All datasets exported from ASReview LAB can be imported into ASReview LAB again. All labels are recognized by the software. In Oracle mode, all labels are directly added as Prior Knowledge.

Labeled data format

For tabular datasets (e.g., CSV, XLSX), the dataset should contain a column called “included” or “label” (See Data format for all naming conventions), which is filled with 1’s or 0’s for the records that are already screened. The value is left empty for the records that you haven’t screened yet.

For the RIS file format, the labels ASReview_relevant, ASReview_irrelevant, and ASReview_not_seen) can be stored with the N1 (Notes) tag. An example of a RIS file with labels in the N1 tag can be found in the ASReview GitHub repository. All labels in this example are valid ways to label the data.
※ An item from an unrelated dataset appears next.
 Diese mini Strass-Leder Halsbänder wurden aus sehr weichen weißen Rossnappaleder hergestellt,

Exported RIS file from ASReview LAB can be imported into ASReview LAB again, and whereafter all labels are recognized.

Partially labeled data

Note

Useful for Oracle projects. Read more about Project modes.
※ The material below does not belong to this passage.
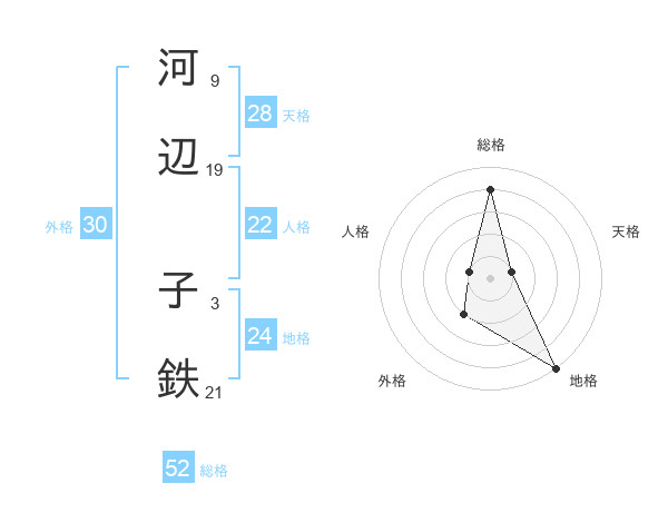河辺 子鉄さんを姓名の画数から五運を鑑定

Partially labeled datasets are datasets with a review decision for a subset of the records in the dataset. A partially labeled dataset can be obtained by exporting results from ASReview LAB or other software. It can also be constructed given the format described above.

Partially labeled datasets are useful as the labels will be recognized by ASReview LAB as Prior Knowledge, and labels are used to train the first iteration of the active learning model.

Note

Merging labeled with unlabeled data should be done outside ASReview LAB, for example, with Citation Managers.

Fully labeled data

Note

Useful for Simulation and Exploration projects. Read more about Project modes.

Fully labeled datasets are datasets with a review decision for each record in the dataset. Fully labeled datasets are useful for exploration or simulation purposes (see also What is a simulation? and Project modes). See Benchmark Datasets for built-in, fully labeled datasets in ASReview LAB.

Benchmark Datasets

The ASReview research project collects fully labeled datasets published open access. The labeled datasets are PRISMA-based reviews on various research topics. They can be useful for benchmark projects such as testing the performance of new active learning models. The datasets and their metadata are available via the Systematic Review Datasets repository. In ASReview LAB, these datasets are referred to as “Benchmark Datasets”.

These Benchmark Datasets are directly available in the software. During the Add Dataset step of the project setup, there is a panel with all the datasets. The datasets can be selected and used directly. Benchmark datasets are also available via the Command Line. Use the prefix benchmark: followed by the identifier of the dataset (see Systematic Review Datasets repository). For example, to use the Van de Schoot et al. (2017) dataset, use benchmark:van_de_schoot_2017.

You can donate your dataset to the Systematic Review Datasets collection.